Task description => Only the lines from the first line of the data through the line containing "- If you are" belong in the answer, transcribed exactly; pictures do not.
Start of Records for the task
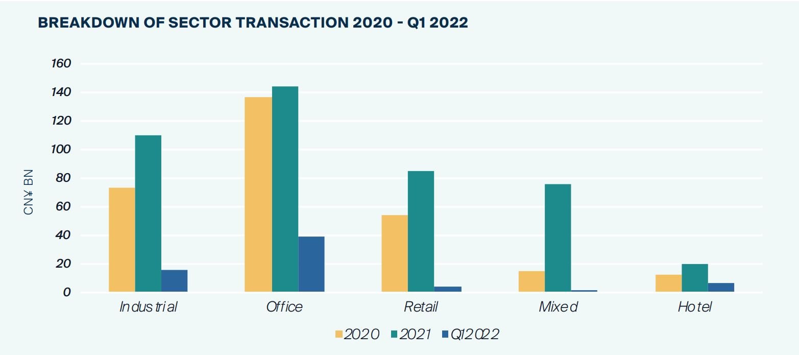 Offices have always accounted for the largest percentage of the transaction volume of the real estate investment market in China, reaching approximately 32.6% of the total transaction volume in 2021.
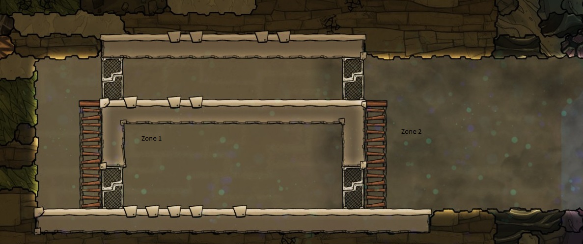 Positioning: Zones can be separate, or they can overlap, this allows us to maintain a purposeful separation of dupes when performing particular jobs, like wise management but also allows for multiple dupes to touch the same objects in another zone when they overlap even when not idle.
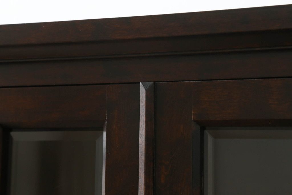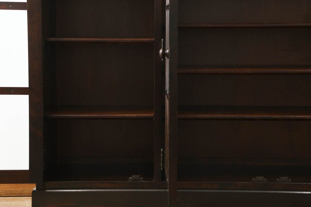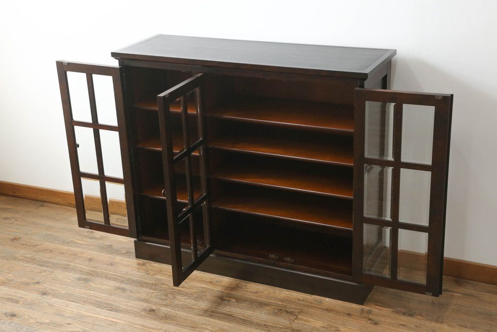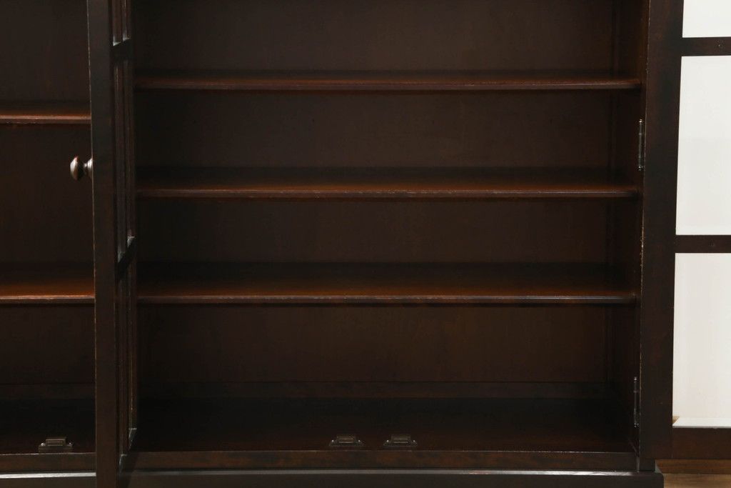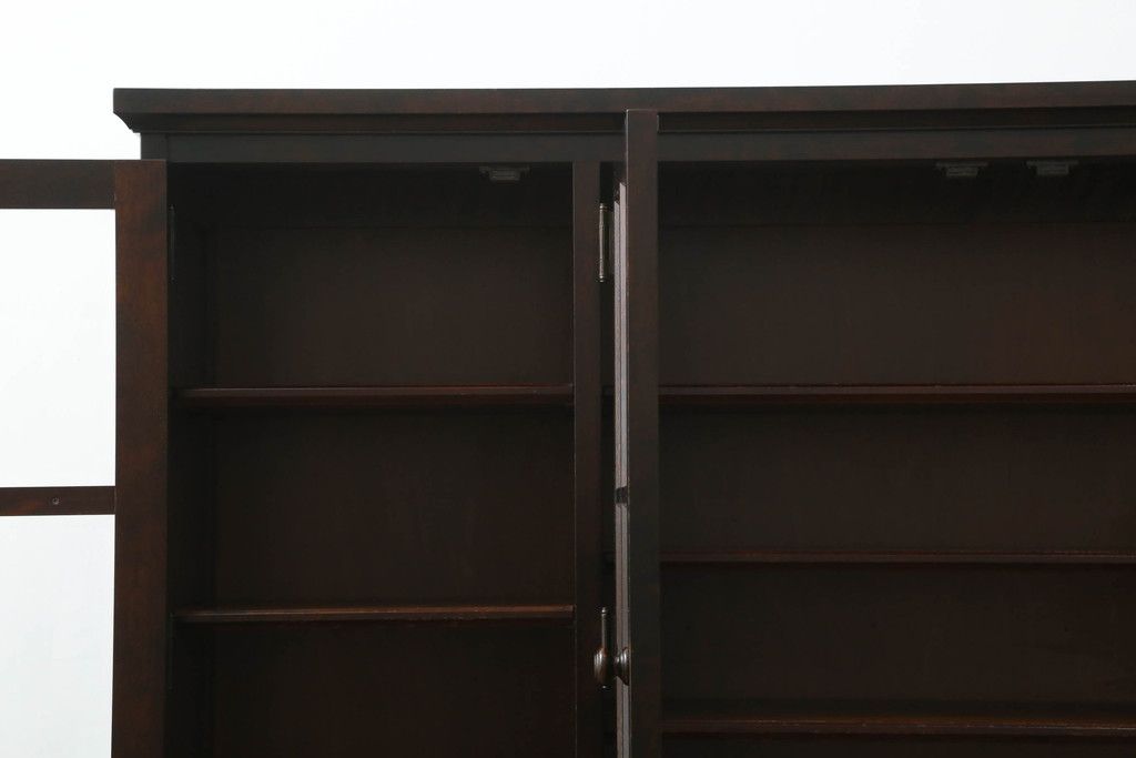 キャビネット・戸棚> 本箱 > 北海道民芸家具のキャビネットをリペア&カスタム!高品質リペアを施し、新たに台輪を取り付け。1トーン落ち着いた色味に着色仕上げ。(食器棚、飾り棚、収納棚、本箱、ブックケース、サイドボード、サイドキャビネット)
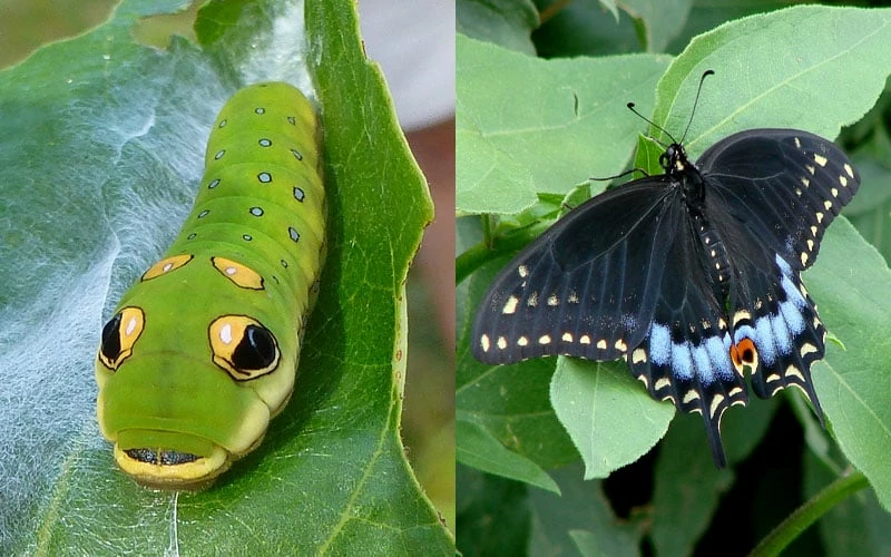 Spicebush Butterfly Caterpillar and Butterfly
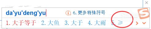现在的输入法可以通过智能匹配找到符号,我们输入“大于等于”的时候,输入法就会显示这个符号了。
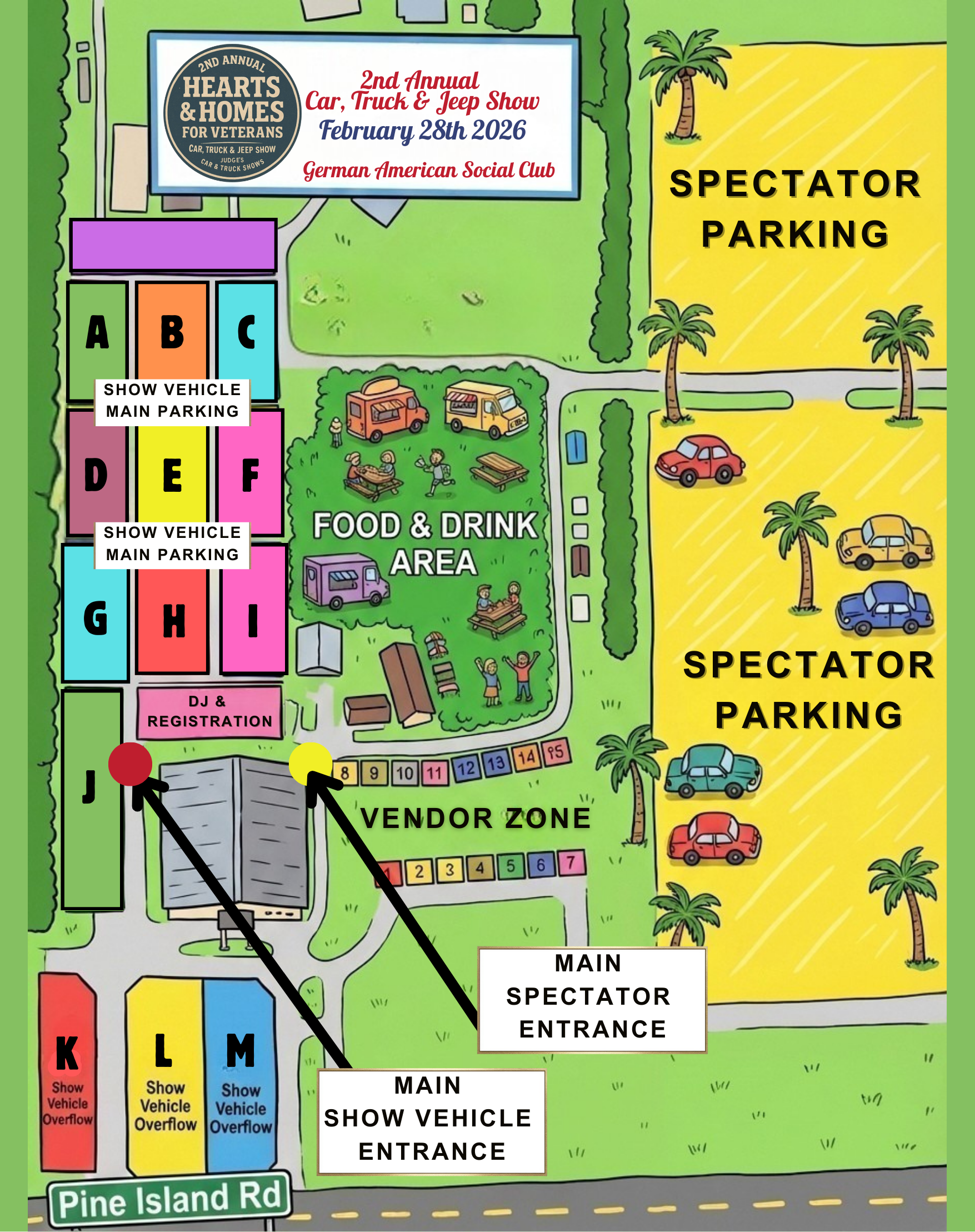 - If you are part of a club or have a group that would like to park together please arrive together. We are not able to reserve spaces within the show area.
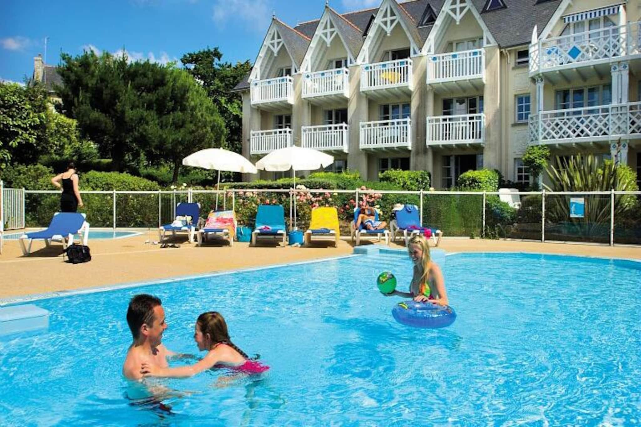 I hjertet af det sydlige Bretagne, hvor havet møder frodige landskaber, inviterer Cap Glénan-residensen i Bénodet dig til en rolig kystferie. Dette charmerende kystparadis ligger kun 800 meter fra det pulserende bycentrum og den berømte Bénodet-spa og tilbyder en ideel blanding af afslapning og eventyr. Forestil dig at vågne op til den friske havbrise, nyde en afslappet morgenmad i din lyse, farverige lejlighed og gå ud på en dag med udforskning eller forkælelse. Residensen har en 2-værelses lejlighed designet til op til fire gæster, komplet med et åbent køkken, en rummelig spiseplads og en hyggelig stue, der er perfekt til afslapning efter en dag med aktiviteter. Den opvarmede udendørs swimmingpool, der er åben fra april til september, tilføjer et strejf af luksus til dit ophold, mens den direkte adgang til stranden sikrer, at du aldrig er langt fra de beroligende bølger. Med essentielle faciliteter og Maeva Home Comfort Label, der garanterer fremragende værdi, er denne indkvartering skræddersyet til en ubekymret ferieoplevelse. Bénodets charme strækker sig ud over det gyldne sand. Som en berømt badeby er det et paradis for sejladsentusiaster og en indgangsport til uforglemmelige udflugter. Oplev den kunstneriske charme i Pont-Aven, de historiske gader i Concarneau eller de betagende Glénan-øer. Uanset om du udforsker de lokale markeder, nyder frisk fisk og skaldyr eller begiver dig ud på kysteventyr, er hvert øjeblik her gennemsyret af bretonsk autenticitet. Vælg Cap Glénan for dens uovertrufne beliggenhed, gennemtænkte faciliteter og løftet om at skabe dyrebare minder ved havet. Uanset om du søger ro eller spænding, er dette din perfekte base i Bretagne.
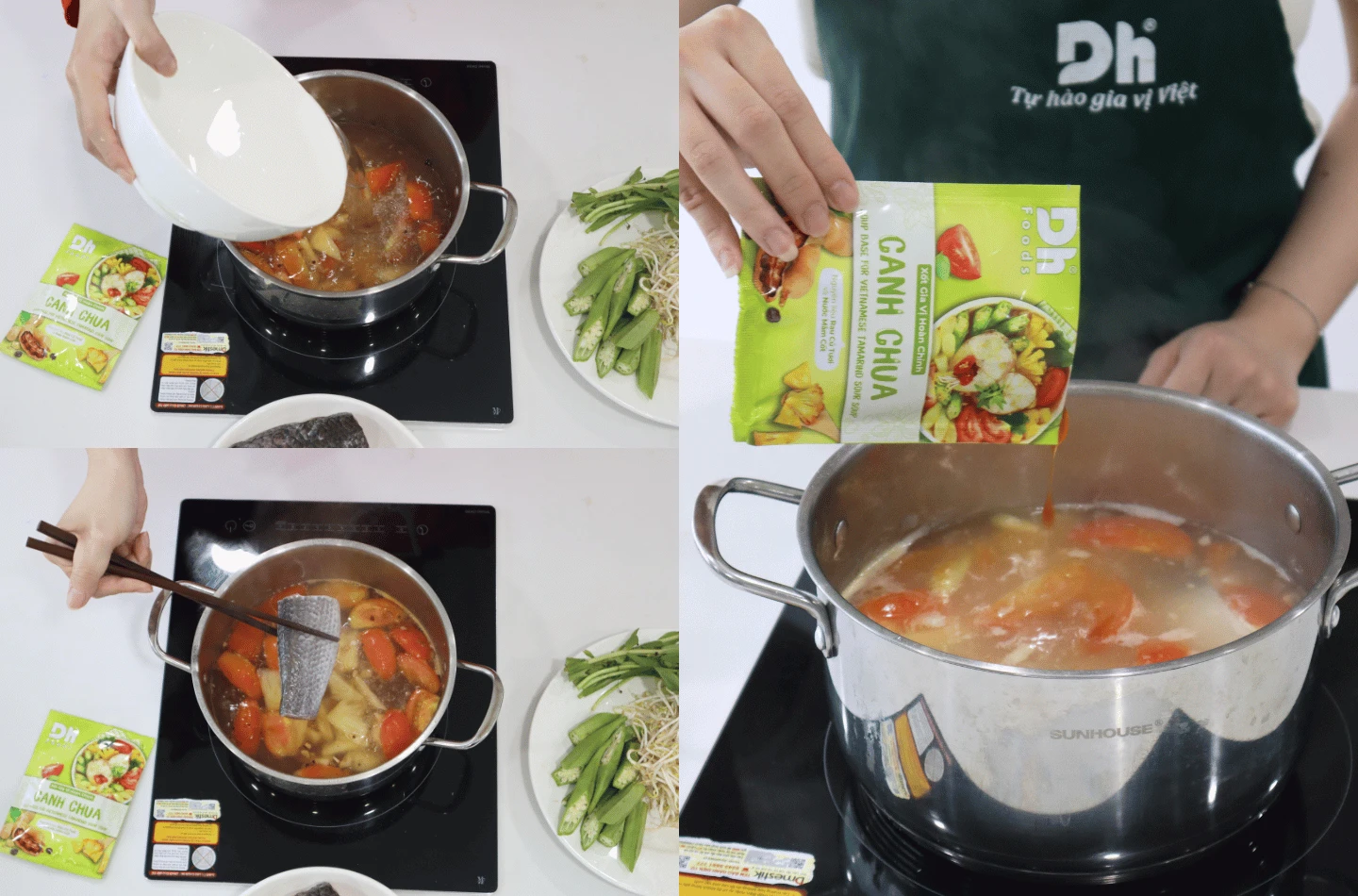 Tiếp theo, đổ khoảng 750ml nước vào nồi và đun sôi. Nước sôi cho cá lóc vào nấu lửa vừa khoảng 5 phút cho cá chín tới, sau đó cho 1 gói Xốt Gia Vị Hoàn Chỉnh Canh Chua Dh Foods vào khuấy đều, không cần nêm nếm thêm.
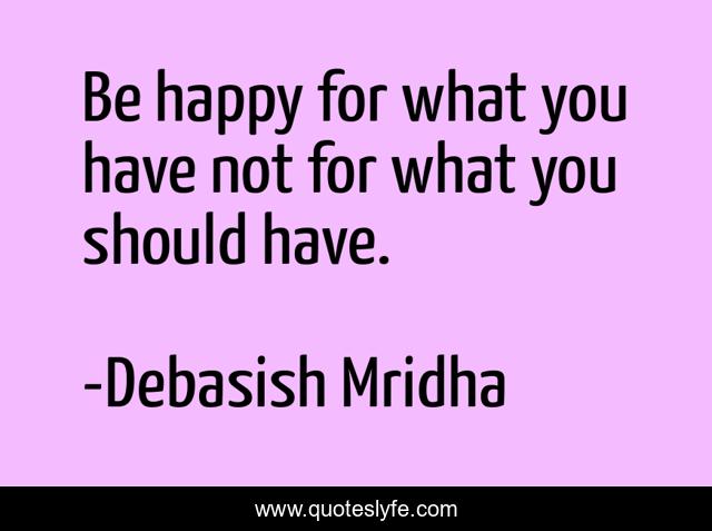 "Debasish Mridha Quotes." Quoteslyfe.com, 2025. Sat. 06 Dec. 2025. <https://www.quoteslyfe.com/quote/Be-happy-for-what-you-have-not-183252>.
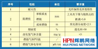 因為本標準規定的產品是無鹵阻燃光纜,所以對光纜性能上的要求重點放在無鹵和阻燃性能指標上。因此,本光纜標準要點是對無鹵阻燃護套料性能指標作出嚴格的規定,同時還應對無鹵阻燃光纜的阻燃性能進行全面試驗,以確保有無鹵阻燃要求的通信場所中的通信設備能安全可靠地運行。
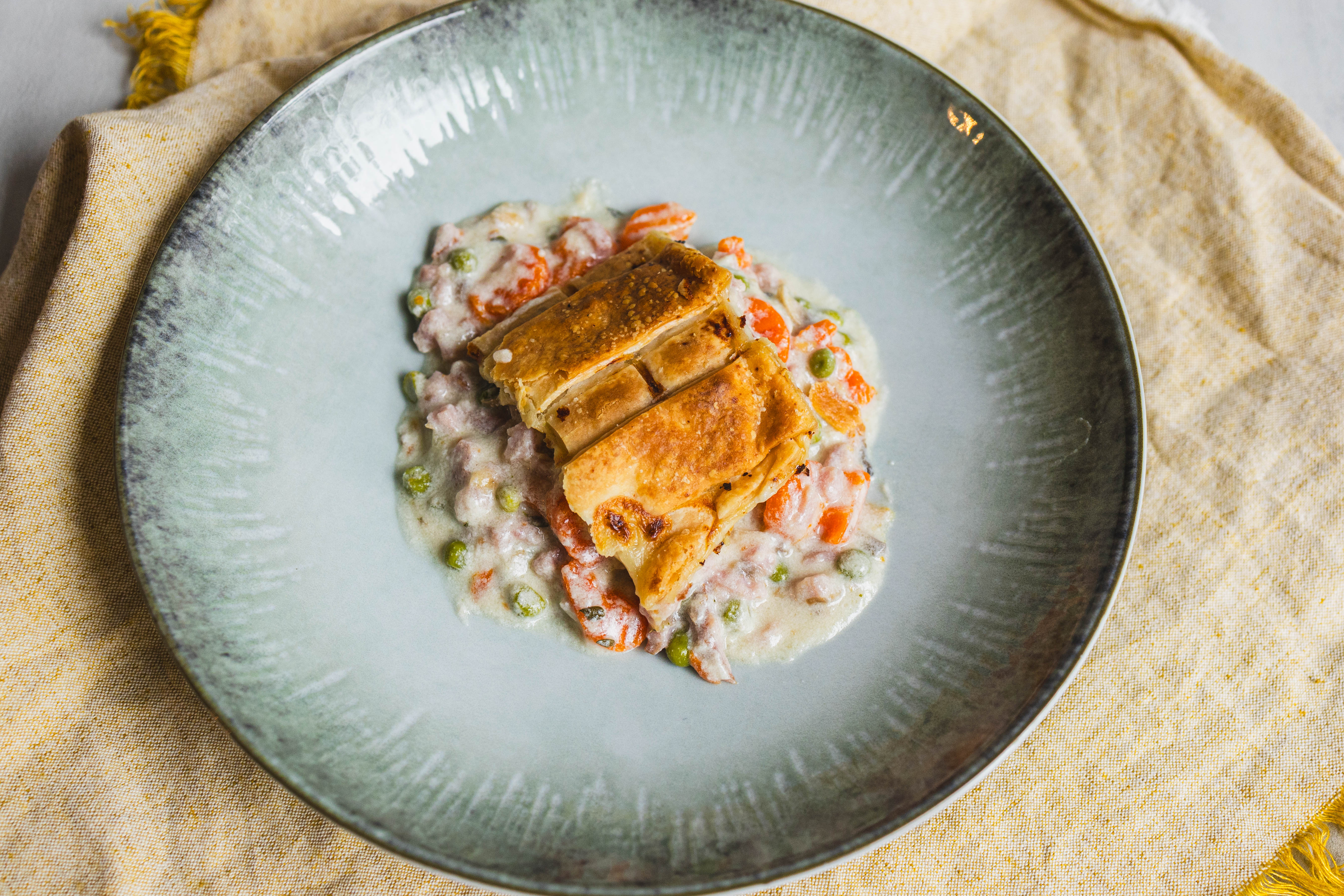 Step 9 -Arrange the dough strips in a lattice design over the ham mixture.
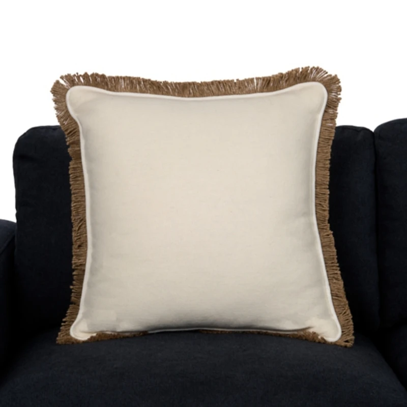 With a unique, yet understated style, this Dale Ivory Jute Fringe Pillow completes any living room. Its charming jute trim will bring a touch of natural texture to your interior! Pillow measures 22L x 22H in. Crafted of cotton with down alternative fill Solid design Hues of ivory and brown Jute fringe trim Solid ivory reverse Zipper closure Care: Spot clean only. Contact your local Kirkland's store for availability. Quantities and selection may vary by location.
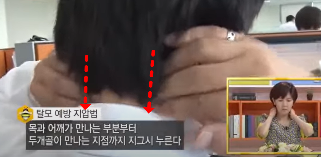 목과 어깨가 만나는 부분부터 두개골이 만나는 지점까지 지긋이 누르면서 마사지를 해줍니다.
End of Records for the task
Result for this exercise =>
 Offices have always accounted for the largest percentage of the transaction volume of the real estate investment market in China, reaching approximately 32.6% of the total transaction volume in 2021.
 Positioning: Zones can be separate, or they can overlap, this allows us to maintain a purposeful separation of dupes when performing particular jobs, like wise management but also allows for multiple dupes to touch the same objects in another zone when they overlap even when not idle.
 キャビネット・戸棚> 本箱 > 北海道民芸家具のキャビネットをリペア&カスタム!高品質リペアを施し、新たに台輪を取り付け。1トーン落ち着いた色味に着色仕上げ。(食器棚、飾り棚、収納棚、本箱、ブックケース、サイドボード、サイドキャビネット)
 Spicebush Butterfly Caterpillar and Butterfly
现在的输入法可以通过智能匹配找到符号,我们输入“大于等于”的时候,输入法就会显示这个符号了。
 - If you are part of a club or have a group that would like to park together please arrive together. We are not able to reserve spaces within the show area.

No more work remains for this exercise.